Über die Mittäterschaft der Polizei war schon viel diskutiert worden, aber wir wollten
darauf so groß wie möglich aufmerksam machen. Es war wohl eine Fläche von 30
m2, mitten im Herzen der Stadt, vor dem Präsidentenpalast.
Autor:
Die vier vom Kollektiv Rexiste, die mir ihre Aktionen und deren Absichten erklärt
haben, wollen nicht namentlich genannt werden.
Rexiste 1:
Das war das Ergebnis von langen Überlegungen, wie wir sie in der für uns neuen,
kollektiven Arbeit der 132er-Bewegung gelernt haben. Wir haben diese Intervention
im öffentlichen Raum übrigens mit sehr wenigen Leuten, mit weniger als zehn,
gemacht. Denn wir wollten zeigen, dass jede Gruppe in der Lage ist, eine
aussagekräftige Aktion durchzuführen. Wieder haben wir dabei erlebt, was wir schon
als 132er gelernt haben: dass man die Presse in diesem Land manchmal zwingen
kann, gewisse Informationen aufzugreifen, wenn sie die richtige Größe haben und
die sozialen Netzwerke ihnen Nachdruck verleihen.
Autor:
Rexiste habt Ihr so definiert: ich existiere, weil ich mich wehre.
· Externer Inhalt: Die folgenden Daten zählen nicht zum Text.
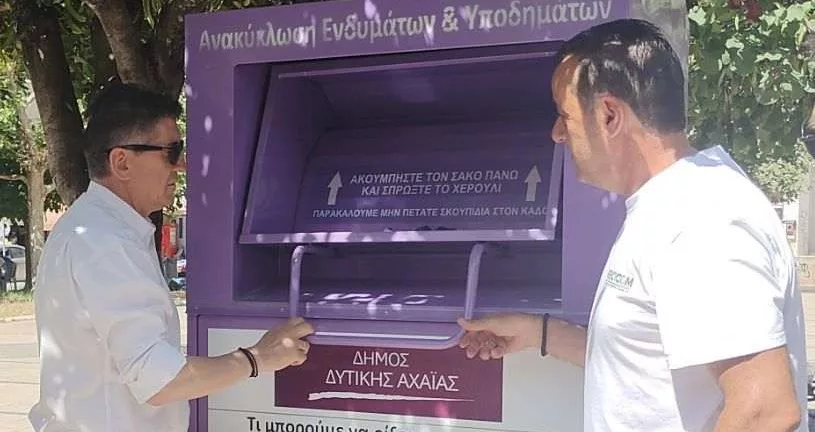 Στο δίκτυο ανακύκλωσης αποβλήτων ειδών ένδυσης και υπόδησης εντάχθηκε ο Δήμος Δυτικής Αχαΐας στο πλαίσιο προώθησης της ανακύκλωσης και των αρχών κυκλικής οικονομίας, έπειτα από συνεργασία με την εταιρεία RECYCOM. Τα οφέλη που προκύπτουν μέσα από αυτή την πρωτοβουλία είναι πολλαπλά καθώς, αφενός πρόκειται για μια έμπρακτη προσφορά κοινωνικής στήριξης σε ευπαθή και ευάλωτα άτομα, αφετέρου με αυτόν τον τρόπο συμβάλλει η Δυτική Αχαΐα στην προστασία του περιβάλλοντος, όπως τόνισε ο Δήμαρχος Δυτικής Αχαΐας Γρηγόρης Αλεξόπουλος:
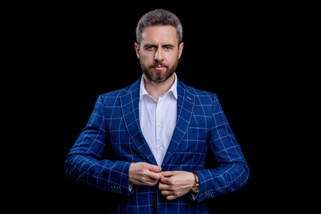 Office manager boss isolated on black. Business boss in suit. Big boss. Professional businessman. Businessman. Business leadership and success. Successful business man in office. Cropped view
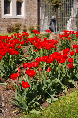 Bunch of beautiful red roses in garden with statue
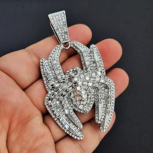 Silver plated Large SPIDER Icy Charm Pendant & 12mm 16" 18" 20" Iced Baguette Stone Chain Hip Hop Jewelry Bling Fashion Necklace 1
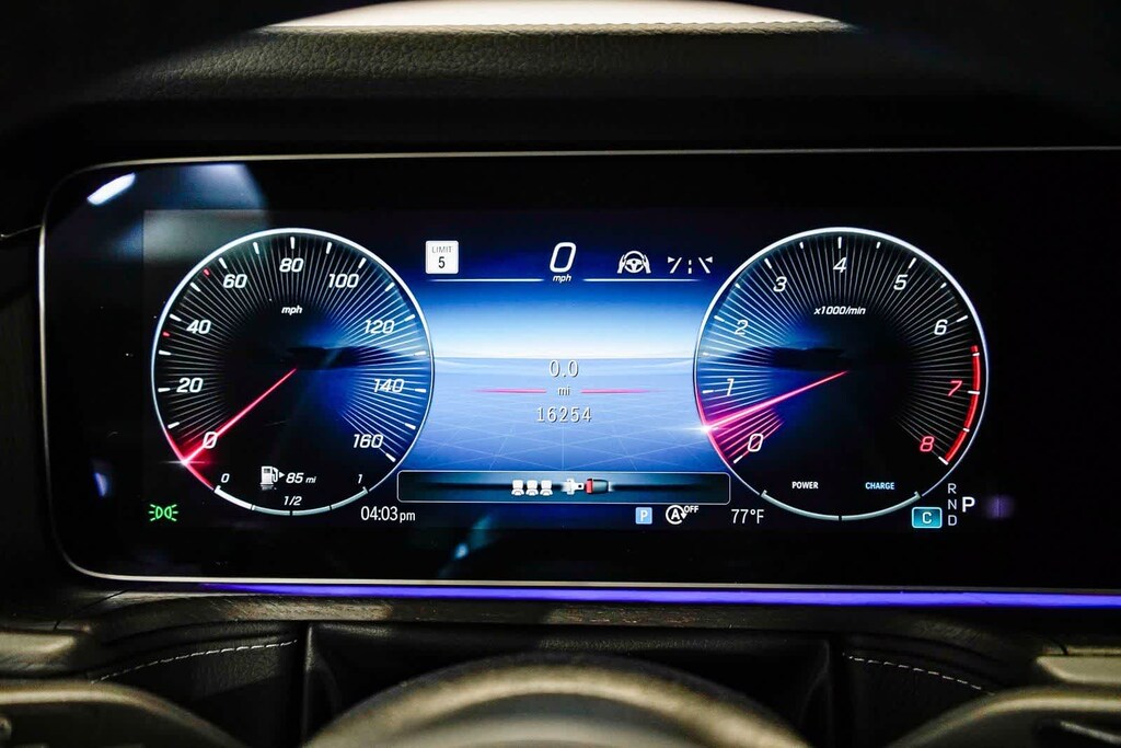 This vehicle includes: AMGî Line (AMGî Floor Mats, Exterior Protective Strips with Trim Insert, Front Brake Calipers with Mercedes-Benz Lettering, Multifunction Sports Steering Wheel in Nappa Leather, and Sporty Engine Sound), Exclusive Interior Package, 18 Speakers, 20 AMGî Twin 5-Spoke Light-Alloy Wheels, 4-Wheel Disc Brakes, ABS brakes, Adaptive suspension, Air Conditioning, Alloy wheels, AM/FM radio: SiriusXM, Apple CarPlayî/Android Autoî, Auto High-beam Headlights, Auto tilt-away steering wheel, Auto-dimming door mirrors, Auto-dimming Rear-View mirror, Automatic temperature control, Bodyside moldings, Brake assist, Bumpers: body-color, Child-Seat-Sensing Airbag, Compass, Delay-off headlights, Driver door bin, Driver vanity mirror, Dual front impact airbags, Dual front side impact airbags, Electronic Stability Control, Emergency communication system: Mercedes-Benz Emergency Call Service, Exterior Parking Camera Rear, Front anti-roll bar, Front Bucket Seats, Front Center Armrest, Front dual zone A/C, Front reading lights, Front wheel independent suspension, Garage door transmitter: HomeLink, Genuine wood console insert, Genuine wood dashboard insert, Genuine wood door panel insert, Head restraints memory, Headlight cleaning, Heated door mirrors, Heated front seats, Heated rear seats, Heated steering wheel, Illuminated entry, Knee airbag, Leather steering wheel, Leather Upholstery, Low tire pressure warning, Memory seat, Navigation system: MBUX, Occupant sensing airbag, Outside temperature display, Overhead airbag, Overhead console, Panic alarm, Passenger door bin, Passenger vanity mirror, Power adjustable front head restraints, Power door mirrors, Power driver seat, Power Heated Front Seats, Power moonroof, Power passenger seat, Power steering, Power windows, Radio data system, Radio: Burmesterî 3D Surround Sound System, Rain sensing wipers, Rear air conditioning, Rear anti-roll bar, Rear fog lights, Rear reading lights, Rear seat center armrest, Rear side impact airbag, Rear window defroster, Rear window wiper, Remote keyless entry, Security system, Speed control, Speed-sensing steering, Split folding rear seat, Steering wheel memory, Steering wheel mounted audio controls, Tachometer, Telescoping steering wheel, Tilt steering wheel, Traction control, Trip computer, Turn signal indicator mirrors, and Variably intermittent wipers
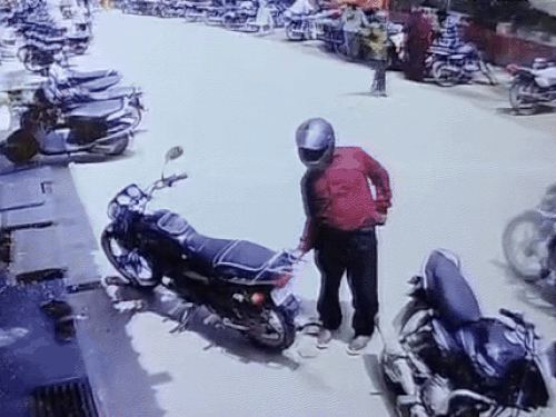 बाइक के बैग से डेढ़ लाख चोरी, VIDEO:बैंक से निकाले थे, मेडिकल स्टोर के बाहर वारदात; हेलमेट पहनकर आया आरोपी
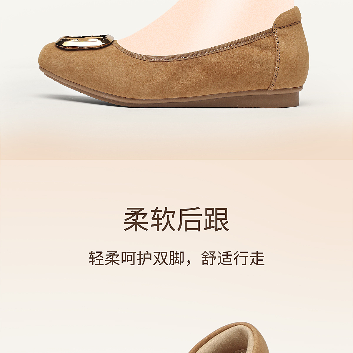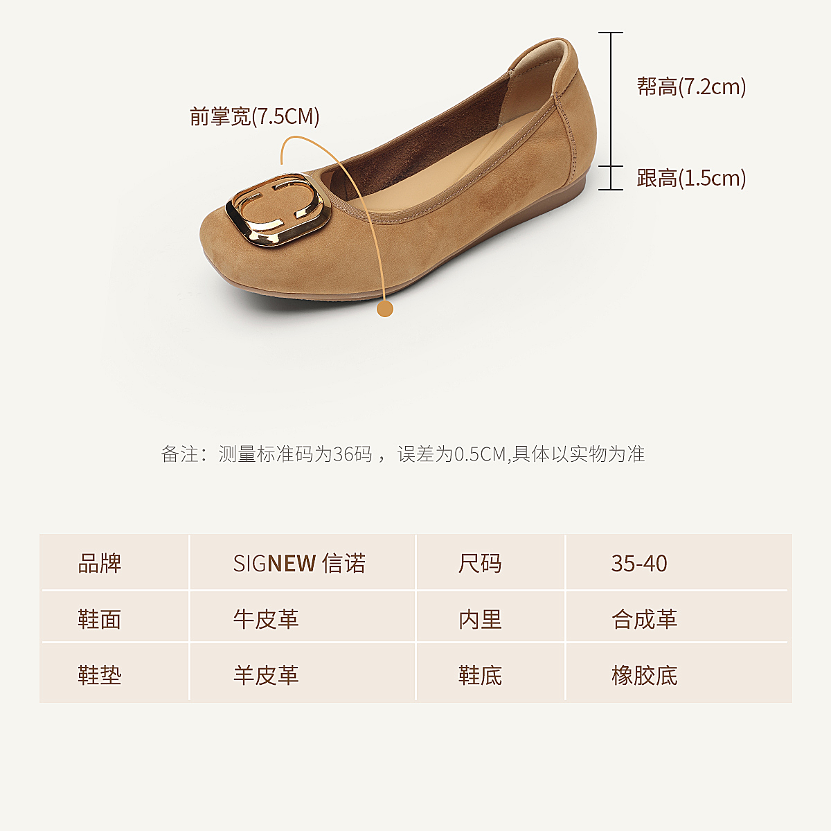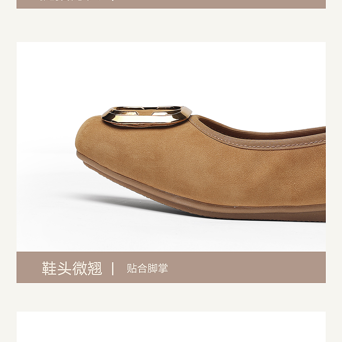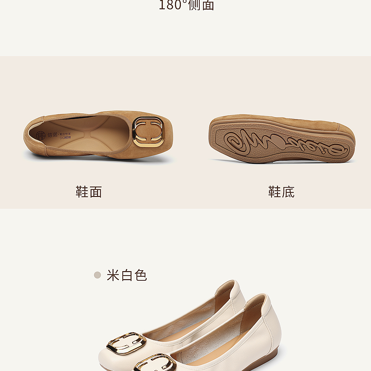 温柔风真皮方头浅口单鞋女平底金属扣气质百搭舒适奶奶鞋X6C009-15
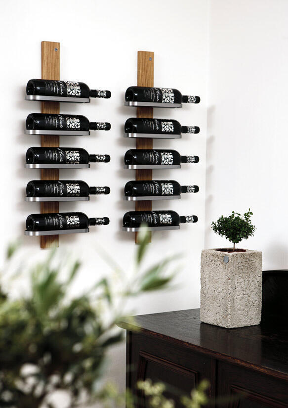 Vinstället Mazzi för dina favoritviner tillverkas av massiv ek eller vitlackad björk med ståldetaljer i mattsvart struktur eller slipat stål. Vinställ är inte bara en praktisk förvaring utan även en tilltalande möbel. Mazzi Vinställ finns för 5 eller 10 flaskor.
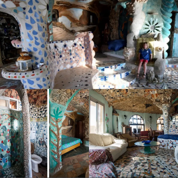 Дом построил и прожил в нём 40 лет Нисим Кахлон. Строил, как говорится, из говна и палок. А так же ракушек, камней, глины и осколков стекла.

War die Intervention
auf dem Zócalo Eure spektakulärste Aktion?
Rexiste 1:
Wir haben uns danach natürlich gefragt, was wir nun machen sollten. Dann kam die
interamerikanische Untersuchungskommission und erklärte, dass unbedingt auch die
Mitschuld der Militärs an der Verschleppung der Studenten geklärt werden müsse,
was die Regierung bis heute verweigert. Als es daraufhin eine Demonstration vor der
Generalstaatsanwaltschaft auf der Reforma gab, haben wir auf eine Wand des
Gebäudes geschrieben: „Lasst die Wahrheit raus!“ Das heißt: es gibt keine Wahrheit,
solange die Mitwirkung der Armee nicht geklärt ist.
Autor:
Rexiste macht Straßenaktionen. Auf Eurer Webseite findet sich außerdem eine Fülle
von Grafikkunst. Ihr habt z.B. das Titelblatt für De vuelta a casa (Nach Hause zurück)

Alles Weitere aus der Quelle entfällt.